Show that $x = - \frac{bc}{ad}$ is a solution of the quadratic equation

$ad {}^{2} ( \frac{ax}{b} + \frac{2c}{d} )x + bc {}^{2} = 0.$

Answer 1

Hey there !!

The given quadratic equation :-


$ad {}^{2} ( \frac{ax}{b} + \frac{2c}{d} )x + bc {}^{2} = 0.$


$x = \frac{-bc}{ad}$  can be a Solution of the Given Quadratic Equation, If and only If, it satisfies the Equation.


Let us take the Given Quadratic Polynomial as p(x)
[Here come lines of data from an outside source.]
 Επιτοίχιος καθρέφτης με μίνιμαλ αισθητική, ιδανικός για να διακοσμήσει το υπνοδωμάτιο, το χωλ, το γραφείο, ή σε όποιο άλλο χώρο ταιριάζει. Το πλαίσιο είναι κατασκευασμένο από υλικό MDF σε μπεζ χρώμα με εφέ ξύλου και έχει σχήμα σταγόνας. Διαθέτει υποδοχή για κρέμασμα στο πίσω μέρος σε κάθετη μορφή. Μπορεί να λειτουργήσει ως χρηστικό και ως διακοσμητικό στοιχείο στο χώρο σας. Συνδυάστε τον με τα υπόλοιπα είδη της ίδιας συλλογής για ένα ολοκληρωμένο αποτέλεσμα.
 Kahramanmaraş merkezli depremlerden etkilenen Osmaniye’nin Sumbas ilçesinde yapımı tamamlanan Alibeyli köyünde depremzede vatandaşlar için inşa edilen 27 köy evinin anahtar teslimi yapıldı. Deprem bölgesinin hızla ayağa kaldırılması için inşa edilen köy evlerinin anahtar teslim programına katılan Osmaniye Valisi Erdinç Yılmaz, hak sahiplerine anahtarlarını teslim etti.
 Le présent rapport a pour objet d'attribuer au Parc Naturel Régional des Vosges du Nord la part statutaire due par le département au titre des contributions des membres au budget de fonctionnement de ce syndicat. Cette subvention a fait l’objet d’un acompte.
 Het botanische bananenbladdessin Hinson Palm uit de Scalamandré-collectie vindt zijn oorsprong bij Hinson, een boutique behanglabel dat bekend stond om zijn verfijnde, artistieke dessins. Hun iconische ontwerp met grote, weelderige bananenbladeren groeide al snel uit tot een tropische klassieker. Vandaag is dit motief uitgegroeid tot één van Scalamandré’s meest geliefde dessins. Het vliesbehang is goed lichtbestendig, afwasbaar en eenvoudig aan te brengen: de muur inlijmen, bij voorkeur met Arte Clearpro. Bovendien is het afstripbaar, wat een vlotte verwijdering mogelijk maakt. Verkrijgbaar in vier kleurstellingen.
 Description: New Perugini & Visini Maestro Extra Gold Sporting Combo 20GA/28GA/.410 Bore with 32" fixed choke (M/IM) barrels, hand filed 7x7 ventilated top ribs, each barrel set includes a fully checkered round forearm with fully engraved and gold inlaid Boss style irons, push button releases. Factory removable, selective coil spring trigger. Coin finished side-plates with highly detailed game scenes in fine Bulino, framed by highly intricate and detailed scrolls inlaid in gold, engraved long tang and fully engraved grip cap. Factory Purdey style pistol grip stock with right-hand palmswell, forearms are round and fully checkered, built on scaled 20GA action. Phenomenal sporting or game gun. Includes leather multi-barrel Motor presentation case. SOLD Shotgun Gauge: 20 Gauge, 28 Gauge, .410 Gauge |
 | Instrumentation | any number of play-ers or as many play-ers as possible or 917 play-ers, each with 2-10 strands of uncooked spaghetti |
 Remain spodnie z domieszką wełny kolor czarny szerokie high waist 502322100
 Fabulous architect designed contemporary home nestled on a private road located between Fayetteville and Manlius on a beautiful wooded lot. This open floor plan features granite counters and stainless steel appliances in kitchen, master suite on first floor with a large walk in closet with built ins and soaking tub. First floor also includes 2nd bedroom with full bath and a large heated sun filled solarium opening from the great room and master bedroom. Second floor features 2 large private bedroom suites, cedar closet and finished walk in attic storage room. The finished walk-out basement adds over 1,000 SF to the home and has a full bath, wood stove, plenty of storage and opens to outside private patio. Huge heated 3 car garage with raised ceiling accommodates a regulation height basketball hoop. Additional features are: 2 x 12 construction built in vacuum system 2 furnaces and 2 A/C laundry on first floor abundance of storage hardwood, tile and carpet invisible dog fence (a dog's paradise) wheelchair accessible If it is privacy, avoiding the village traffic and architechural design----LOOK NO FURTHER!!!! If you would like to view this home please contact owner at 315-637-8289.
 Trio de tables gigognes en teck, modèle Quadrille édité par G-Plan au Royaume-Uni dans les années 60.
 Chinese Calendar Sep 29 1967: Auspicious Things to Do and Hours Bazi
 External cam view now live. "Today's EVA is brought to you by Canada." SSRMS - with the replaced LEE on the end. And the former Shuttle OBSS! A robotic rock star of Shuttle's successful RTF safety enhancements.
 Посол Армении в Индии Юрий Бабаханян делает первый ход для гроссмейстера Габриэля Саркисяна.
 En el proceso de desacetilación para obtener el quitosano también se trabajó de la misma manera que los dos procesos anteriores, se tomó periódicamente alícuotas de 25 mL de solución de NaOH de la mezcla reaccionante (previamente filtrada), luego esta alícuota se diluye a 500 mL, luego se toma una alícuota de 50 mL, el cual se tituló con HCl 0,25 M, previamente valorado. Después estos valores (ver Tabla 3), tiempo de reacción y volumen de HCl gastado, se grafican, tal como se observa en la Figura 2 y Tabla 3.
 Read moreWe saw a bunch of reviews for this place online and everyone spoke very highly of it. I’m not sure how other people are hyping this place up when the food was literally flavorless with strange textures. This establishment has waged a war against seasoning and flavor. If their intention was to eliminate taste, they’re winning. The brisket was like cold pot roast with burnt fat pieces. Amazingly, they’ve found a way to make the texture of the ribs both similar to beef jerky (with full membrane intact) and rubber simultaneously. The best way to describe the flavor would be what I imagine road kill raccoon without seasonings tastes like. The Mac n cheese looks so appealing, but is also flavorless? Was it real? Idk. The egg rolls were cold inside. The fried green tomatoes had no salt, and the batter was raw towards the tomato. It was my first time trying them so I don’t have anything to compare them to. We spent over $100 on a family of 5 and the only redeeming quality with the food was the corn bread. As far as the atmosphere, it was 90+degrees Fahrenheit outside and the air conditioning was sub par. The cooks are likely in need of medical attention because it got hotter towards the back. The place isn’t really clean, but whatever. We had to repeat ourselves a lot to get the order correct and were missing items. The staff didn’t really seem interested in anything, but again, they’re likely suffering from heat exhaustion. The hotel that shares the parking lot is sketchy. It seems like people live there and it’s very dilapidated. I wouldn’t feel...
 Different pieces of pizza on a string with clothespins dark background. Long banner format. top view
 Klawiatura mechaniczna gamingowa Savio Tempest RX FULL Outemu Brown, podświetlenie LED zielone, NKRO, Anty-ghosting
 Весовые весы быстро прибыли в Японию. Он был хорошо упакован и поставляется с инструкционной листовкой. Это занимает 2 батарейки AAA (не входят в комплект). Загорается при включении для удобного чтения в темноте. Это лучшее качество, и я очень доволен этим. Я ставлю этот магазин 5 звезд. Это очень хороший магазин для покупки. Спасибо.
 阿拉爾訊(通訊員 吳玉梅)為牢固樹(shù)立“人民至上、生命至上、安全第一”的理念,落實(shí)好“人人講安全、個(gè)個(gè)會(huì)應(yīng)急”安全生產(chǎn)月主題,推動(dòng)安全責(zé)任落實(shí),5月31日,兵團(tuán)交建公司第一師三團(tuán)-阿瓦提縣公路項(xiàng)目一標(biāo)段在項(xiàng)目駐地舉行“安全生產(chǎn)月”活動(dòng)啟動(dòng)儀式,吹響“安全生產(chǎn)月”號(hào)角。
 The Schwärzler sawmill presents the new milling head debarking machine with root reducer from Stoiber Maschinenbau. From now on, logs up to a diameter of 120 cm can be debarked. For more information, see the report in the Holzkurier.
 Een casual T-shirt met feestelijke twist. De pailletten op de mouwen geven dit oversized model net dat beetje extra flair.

⇒ $p(x) = ad^2x(\frac{ax}{b} + \frac{2c}{d}) + B{c}^{2}$

We need to Prove :  $p(\frac{-bc}{ad}) = 0$

⇒ $p(\frac{-bc}{ad}) = ad^2( \frac{-bc}{ad})( \frac{a}{b}( \frac{-bc}{ad}) + \frac{2c}{d}) + bc^2$

⇒ $p(\frac{-bc}{ad}) = -dbc(\frac{-c}{d} + \frac{2c}{d}) + bc^2$

⇒ $p(\frac{-bc}{ad}) = -dbc(\frac{c}{d}) + bc^2$

⇒ $p(\frac{-bc}{ad}) = -bc^2 + bc^2$

⇒ $p(\frac{-bc}{ad}) = 0$

⇒ Therefore, $p(\frac{-bc}{ad}) = 0$

We can say that ( $x = \frac{ - bc}{ad}$ ) is a Solution of the Given Quadratic Equation.

✔✔ Hence, it is proved ✅✅.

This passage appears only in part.